Ariel: (22:31 - 25:18)
Yeah, so in general, anytime we see a shift in the marketplace, we need to adapt to make sure our offerings are the most compelling to learners in the companies that are hiring our graduates and folks from our community. So I'd say we will do four things in the next six to 12 months. Some are already underway, maybe even live on our website. Others are a work in progress.

The first is integrating AI concepts and tooling into all of our existing bootcamps, whether that is web development, UX/UI design, or data analytics. Every bootcamp will have modules and tools from the AI world to ensure we multiply the output and productivity of folks on that track and skill set.

The second thing will be integrating AI into our learning platforms so that the delivery of the class won't be entirely replaced by computers or AI, but will give additional tools to learners to supplement the learning instructors, the learning community, their peers, and learn faster in a more personalized way.

Third, we will roll out new AI-centric and specific bootcamps. We're already enrolling for our newest edition, the Machine Learning Bootcamp, which we're super excited about, and there's more to come in the weeks and months ahead. Finally, I think you're going to start seeing other types of courses a lot shorter than our historical offerings, courses with different audiences in mind that want to learn about AI, but don't necessarily want to commit to a 400-hour bootcamp and don't necessarily need to career shift or enter, break into tech. But they realize the power of these technologies and want to make sure they have a foundational knowledge and understanding to be more productive and more competitive in their day-to-day.

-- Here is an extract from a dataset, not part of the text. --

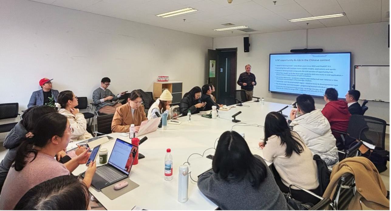 Ken Spours教授长期致力于教育政策、课程理论与学习型社会研究,在高等教育与人工智能融合领域具有深厚的研究积累与国际影响力。本次讲座中系统阐述了大语言模型(LLMs)在高校研究、教学与员工学习中的双重角色,既是机遇,也伴随挑战。他从发展速度、应用广度与中国语境下的特殊性出发,指出中国在LLM应用领域已走在全球前列,成为创新的重要源头。与此同时,高校面临学术诚信与知识创造效率之间的张力,亟需从“防御逻辑”转向“发展逻辑”。

(Spoiler alert; it's here! It's called AI School!)

Ellie: (25:20 - 25:57)
It's so difficult not to talk about it before it's time. I feel like this is how Marvel actors feel when they've made the movie and they've got all the spoilers and they can't say anything before it's time. But yeah, it's going to be really exciting. So, we're coming up to the end of our time, unfortunately. We've got time for just one more rapid-fire question. So, imagine you and I are in an elevator and you overhear me saying to someone, "Yeah, I want to break into tech, I want to get my first tech job, but I just don't think that I need AI skills. I just don't think it's necessary." You've got 30 seconds to change my mind. What would you say?

Ariel: (26:00 - 26:34)
Alrighty. Well, Ellie, AI is taking the world by storm and to use the same reference to another industry, it will be, if not as big, bigger than the internet. So, by learning AI skills, you will be able to future-proof your career, maximize your earning potential in this new economy, and work on the most impactful, exciting, and innovative projects of the next decades to come. So, dive away.

Ellie: (26:35 - 26:53)
That's a pretty good elevator pitch. You should be a CEO or something. Well, Ariel, it's been an absolute joy. This has been so much fun. I could chat for ages, but unfortunately, that is our time. Well, thank you, everyone, for joining us. We hope you got as much out of that as I did. And Ariel, thank you so much.

Ariel: (26:53 - 26:56)
Thank you, Ellie, and thank you, everybody, for joining us. It's a pleasure.